The Three Big Secrets of Magnetic Phenomena
We call this field the magnetic field, which is caused by the moving charges and only affects the moving charges. But the magnets in your refrigerator aren’t moving, so why are they still magnetic?
Your magnet itself is not moving, but the matter that makes it up inside is moving. Each atom in a magnet has layers of electrons, which are charged particles that have the property of spin. For ease of understanding, we can think of spin electrons as small spinning balls, although this analogy is strictly speaking incorrect, because spin is actually a very esoteric quantum property.

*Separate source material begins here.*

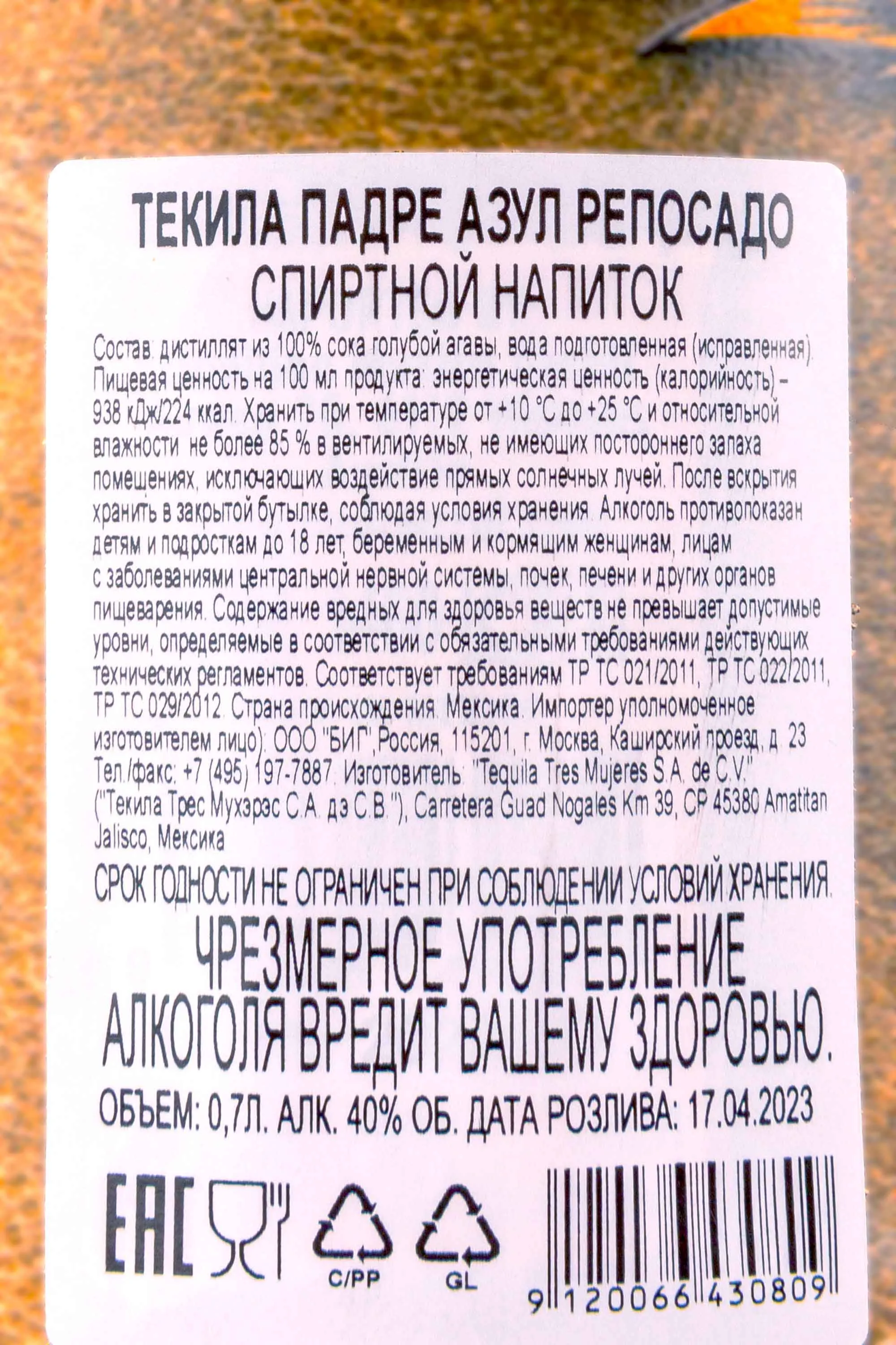 Производится исключительно из сока голубой агавы.

In this way, the spin of the electron is equivalent to the rotation of the electron, and the rotation is also a kind of motion. Thus, each electron can generate a weak magnetic field. In most materials, the orientation of each electron spin is randomly distributed, and the resulting magnetic fields cancel each other out on a macroscopic scale. But in a magnet, many electrons spin in roughly the same direction, and the resulting combined magnetic field is strong enough to manifest itself on a macroscopic scale.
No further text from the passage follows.